While such a notion is surprisingly popular, like Santa Claus, it is based on a mythological view of the human experience. If one simply thinks on a statistical level, it is apparent that such an optimistic notion faces some big hurdles. For example, out of 6 billion people in the world, is it really probable that everyone one of them is more good than evil? Isn’t it more likely that at least one is more evil than good? What about taking history into account? Was Hitler really someone containing more good than evil? What about Adolf Eichmann? Himler? Stalin? Pol Pot? Idi Amin? Were all these individuals simply misunderstood? Or were they just victims of an incredibly vicious media and historical smear campaign?

Even if my aforementioned argument dispels the notion that everyone has more good in them than evil, most would fall back to a more modest position and say, well the people I know are more good than evil. Or they would put it more generically, most people are more good than evil.

This position is more difficult to debunk. Its strength rests on a weak understanding of goodness and evil. It relies on the idea that evil can be compartmentalized like a city’s Red Light district. As long as the Red Light District occupies few acres than the “good” or family friendly parts of the city, then the city must be more good than evil. Unfortunately, evil, like yeast, never stays in its little corner. Instead it fills the whole loaf of bread or in our case, us. The evil may not be grotesque and take the form of mass murder. It may be smothered by charity work, smiles, and a good disposition. But it is there nevertheless for the person has pride in his own self-achievement. He will think he has earned his recognition as a good person because through his own effort he has put more marks in the good column versus the bad column. The problem is that this pride is itself a negative. You see the fallacy of this view is that it assumes that God only requires us to be more good than evil to gain His favor. From His perspective, we can’t do more good than evil because our good is tainted by self-satisfaction and pride because we don’t credit Him with the honor of our goodness. Perfect training academic service the organization for universal teenagers.

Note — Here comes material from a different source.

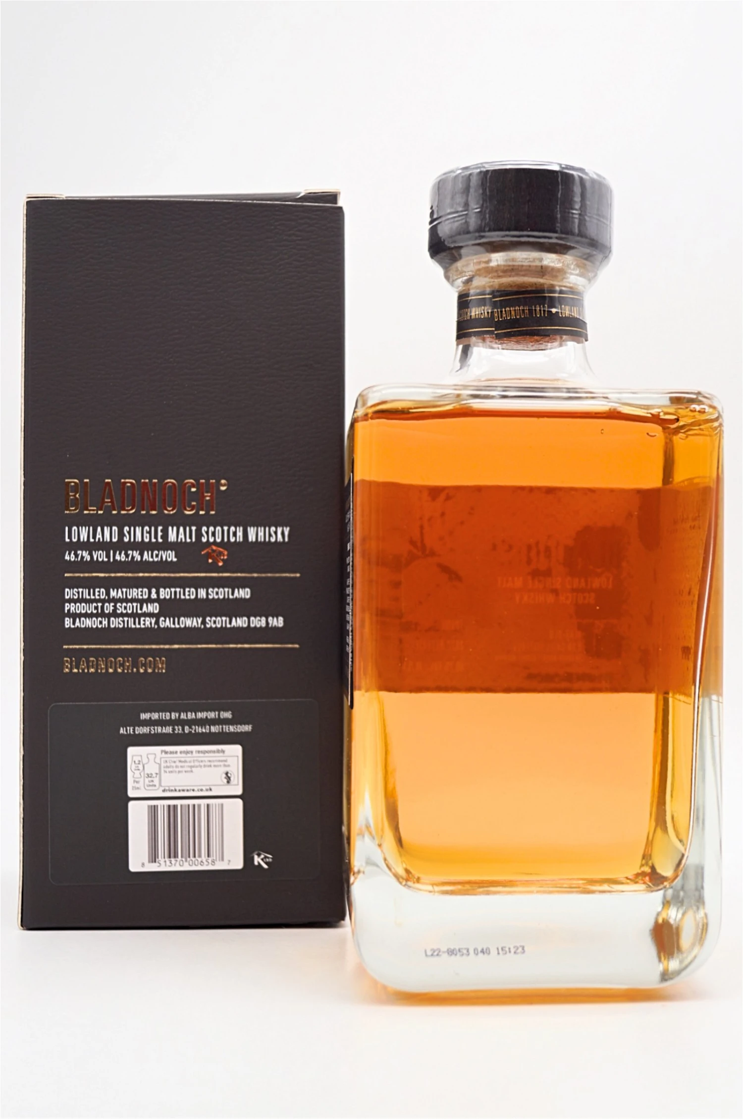 Die limitierte Erstauflage des Bladnoch 11 Year Old Single Malt Whisky wurde in einer Kombination aus Ex-kalifornischen Rotwein- und Ex-Bourbon-Fässern für lebendige, erfrischende Noten von Äpfeln, Kirschen und Vanille gereift.

But the problem goes deeper than just insulting God by not giving Him the credit. (The reason He deserves the credit is because without his power enabling us to live in the first place we wouldn’t be alive to do anything good). God requires perfection, 100% perfection, every day. We mistakenly think that if we make a mistake on one day we can do more good the next and somehow “make up for it”. But that isn’t how it works. When the string of our lives has been cut in the wrong spot, we can’t undo it. The scar remains.

Hopefully, more Christians will understand this truth about the plight of the human condition. For too many people who take the name of Christ, have a remarkably unchristian view of the human state. It is because we are in this state that we need a savior who saves us by His unfailing Grace, not because we “earned it”.

©Stephen Vantassel 2006

  1. Ever heard the remark, “It’s all relative”? Meaning it depends who is drawing the line between pass and fail. Pass marks range between 45% and 70%. Below 45% is a fail above 70% is a distinction, anywhere in between is a pass. Many would view Hitler as being below the 45% line but such folk as Mother Teresa above the 70%. The rest of us fall somewhere in-between. Unfortunately when God created us He installed two extra elements. One was free will; the other was a self destruct mechanism which was activated as soon as we let the free will take us into forbidden territory. Our parents crossed the line and their’s add infinitum therefore the clock was ticking when we were born and cutting the red yellow or blue wire may clear the screen and fool us but the clock is still ticking. Only the manufacturer can reset the self destruct mechanism after we have entered the code which is “Christ in you the hope of glory.”

  2. Logos makes some interesting points, and the remark that “it’s all relative” is spot on: my belief exactly. God requires 100% perfection but through our Saviour, Jesus Christ, he accepts less as we have recourse through him. God – not man – judges the world and therefore everyone is guilty if s/he falls below the 100% mark. Thank God that as none of us is perfect (we will ALL fall below that number), we will still be with him for eternity when judgment comes: it saddens me that not all can say the same, including most of my family. Our challenge is to keep believing what God’s word says (judgment etc.), despite what society attempts to impart through it’s rhetoric and empty beliefs.